Your objective
Once the line with "2、需求填写细致,可选择品牌" is found in the entries below, print it and each following line exactly, stopping after the line with "The VEVOR outdoor"; print nothing else.

Listed entries
_ _ _

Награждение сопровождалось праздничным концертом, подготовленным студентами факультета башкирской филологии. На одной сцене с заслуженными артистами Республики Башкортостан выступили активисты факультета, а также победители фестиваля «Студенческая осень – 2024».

_ _ _

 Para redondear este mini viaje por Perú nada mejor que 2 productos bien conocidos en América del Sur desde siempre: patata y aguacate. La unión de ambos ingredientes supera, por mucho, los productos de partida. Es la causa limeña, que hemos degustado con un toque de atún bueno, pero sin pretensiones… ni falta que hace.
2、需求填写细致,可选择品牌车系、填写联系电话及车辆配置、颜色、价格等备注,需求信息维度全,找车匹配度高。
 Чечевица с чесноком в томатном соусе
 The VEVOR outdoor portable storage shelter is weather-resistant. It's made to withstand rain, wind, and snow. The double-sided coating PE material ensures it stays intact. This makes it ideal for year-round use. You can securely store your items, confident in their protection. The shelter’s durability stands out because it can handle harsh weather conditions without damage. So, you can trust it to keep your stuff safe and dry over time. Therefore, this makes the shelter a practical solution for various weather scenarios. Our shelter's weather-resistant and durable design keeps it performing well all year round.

_ _ _

Written answer
2、需求填写细致,可选择品牌车系、填写联系电话及车辆配置、颜色、价格等备注,需求信息维度全,找车匹配度高。
 Чечевица с чесноком в томатном соусе
 The VEVOR outdoor portable storage shelter is weather-resistant. It's made to withstand rain, wind, and snow. The double-sided coating PE material ensures it stays intact. This makes it ideal for year-round use. You can securely store your items, confident in their protection. The shelter’s durability stands out because it can handle harsh weather conditions without damage. So, you can trust it to keep your stuff safe and dry over time. Therefore, this makes the shelter a practical solution for various weather scenarios. Our shelter's weather-resistant and durable design keeps it performing well all year round.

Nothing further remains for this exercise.